## Records supplied
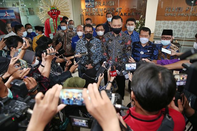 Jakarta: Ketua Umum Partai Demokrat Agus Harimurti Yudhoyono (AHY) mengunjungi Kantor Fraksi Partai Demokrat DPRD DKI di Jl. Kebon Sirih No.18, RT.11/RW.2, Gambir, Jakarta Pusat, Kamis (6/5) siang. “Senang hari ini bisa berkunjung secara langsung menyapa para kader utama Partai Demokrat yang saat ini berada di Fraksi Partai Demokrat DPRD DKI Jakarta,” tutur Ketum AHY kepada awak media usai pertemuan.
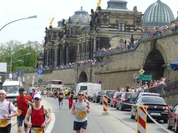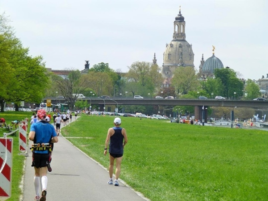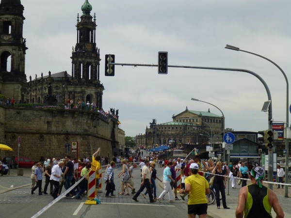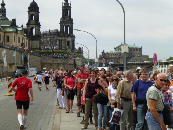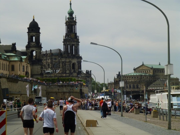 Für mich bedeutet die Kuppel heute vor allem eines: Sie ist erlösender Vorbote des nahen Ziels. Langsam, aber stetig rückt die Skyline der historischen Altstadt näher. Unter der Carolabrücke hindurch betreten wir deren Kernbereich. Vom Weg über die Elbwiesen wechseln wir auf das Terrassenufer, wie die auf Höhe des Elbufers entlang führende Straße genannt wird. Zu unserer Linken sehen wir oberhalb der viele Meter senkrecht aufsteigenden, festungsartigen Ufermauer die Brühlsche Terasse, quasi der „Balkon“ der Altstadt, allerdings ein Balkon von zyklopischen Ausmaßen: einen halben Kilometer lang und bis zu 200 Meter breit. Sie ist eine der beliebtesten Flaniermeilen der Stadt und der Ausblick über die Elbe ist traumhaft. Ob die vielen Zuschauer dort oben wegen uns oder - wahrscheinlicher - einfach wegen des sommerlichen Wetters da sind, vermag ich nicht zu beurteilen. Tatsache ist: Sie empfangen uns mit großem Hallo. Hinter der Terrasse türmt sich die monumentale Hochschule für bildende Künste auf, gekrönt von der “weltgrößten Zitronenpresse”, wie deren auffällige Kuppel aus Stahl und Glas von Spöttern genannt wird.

--

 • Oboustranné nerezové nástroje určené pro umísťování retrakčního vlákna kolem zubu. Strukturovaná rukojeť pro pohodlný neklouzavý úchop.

==

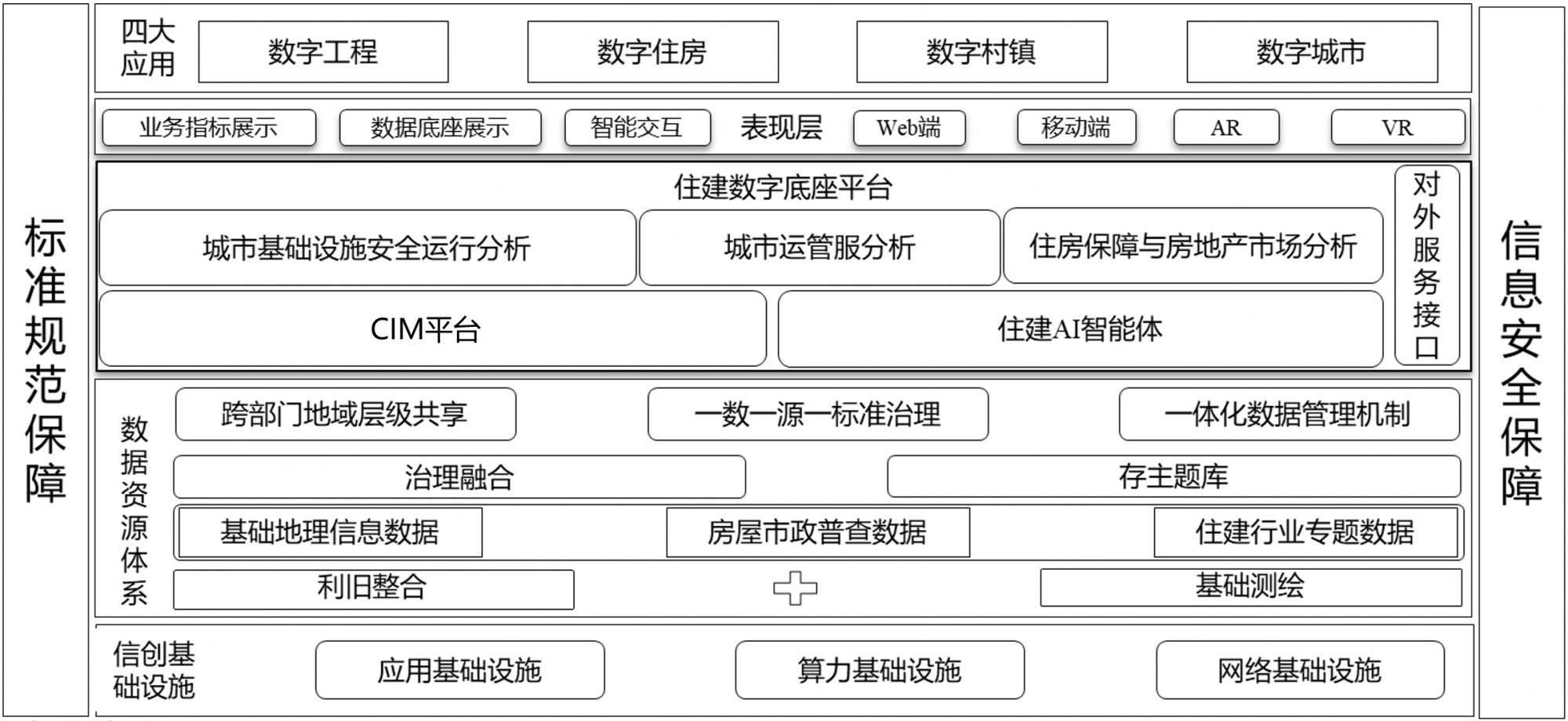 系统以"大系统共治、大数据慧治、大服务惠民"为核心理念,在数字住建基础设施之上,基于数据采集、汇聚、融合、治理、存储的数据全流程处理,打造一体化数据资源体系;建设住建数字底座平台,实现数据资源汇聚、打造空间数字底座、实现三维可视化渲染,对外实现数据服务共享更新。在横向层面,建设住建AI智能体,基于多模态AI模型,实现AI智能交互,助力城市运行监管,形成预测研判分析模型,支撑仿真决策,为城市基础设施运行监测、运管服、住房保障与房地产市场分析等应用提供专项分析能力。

## Task brief
Look above for the line with "Jakarta: Ketua Umum" and the line with "Für mich bedeutet". Copy them and every line between, exactly, but no pictures.

## Finished task
 Jakarta: Ketua Umum Partai Demokrat Agus Harimurti Yudhoyono (AHY) mengunjungi Kantor Fraksi Partai Demokrat DPRD DKI di Jl. Kebon Sirih No.18, RT.11/RW.2, Gambir, Jakarta Pusat, Kamis (6/5) siang. “Senang hari ini bisa berkunjung secara langsung menyapa para kader utama Partai Demokrat yang saat ini berada di Fraksi Partai Demokrat DPRD DKI Jakarta,” tutur Ketum AHY kepada awak media usai pertemuan.
 Für mich bedeutet die Kuppel heute vor allem eines: Sie ist erlösender Vorbote des nahen Ziels. Langsam, aber stetig rückt die Skyline der historischen Altstadt näher. Unter der Carolabrücke hindurch betreten wir deren Kernbereich. Vom Weg über die Elbwiesen wechseln wir auf das Terrassenufer, wie die auf Höhe des Elbufers entlang führende Straße genannt wird. Zu unserer Linken sehen wir oberhalb der viele Meter senkrecht aufsteigenden, festungsartigen Ufermauer die Brühlsche Terasse, quasi der „Balkon“ der Altstadt, allerdings ein Balkon von zyklopischen Ausmaßen: einen halben Kilometer lang und bis zu 200 Meter breit. Sie ist eine der beliebtesten Flaniermeilen der Stadt und der Ausblick über die Elbe ist traumhaft. Ob die vielen Zuschauer dort oben wegen uns oder - wahrscheinlicher - einfach wegen des sommerlichen Wetters da sind, vermag ich nicht zu beurteilen. Tatsache ist: Sie empfangen uns mit großem Hallo. Hinter der Terrasse türmt sich die monumentale Hochschule für bildende Künste auf, gekrönt von der “weltgrößten Zitronenpresse”, wie deren auffällige Kuppel aus Stahl und Glas von Spöttern genannt wird.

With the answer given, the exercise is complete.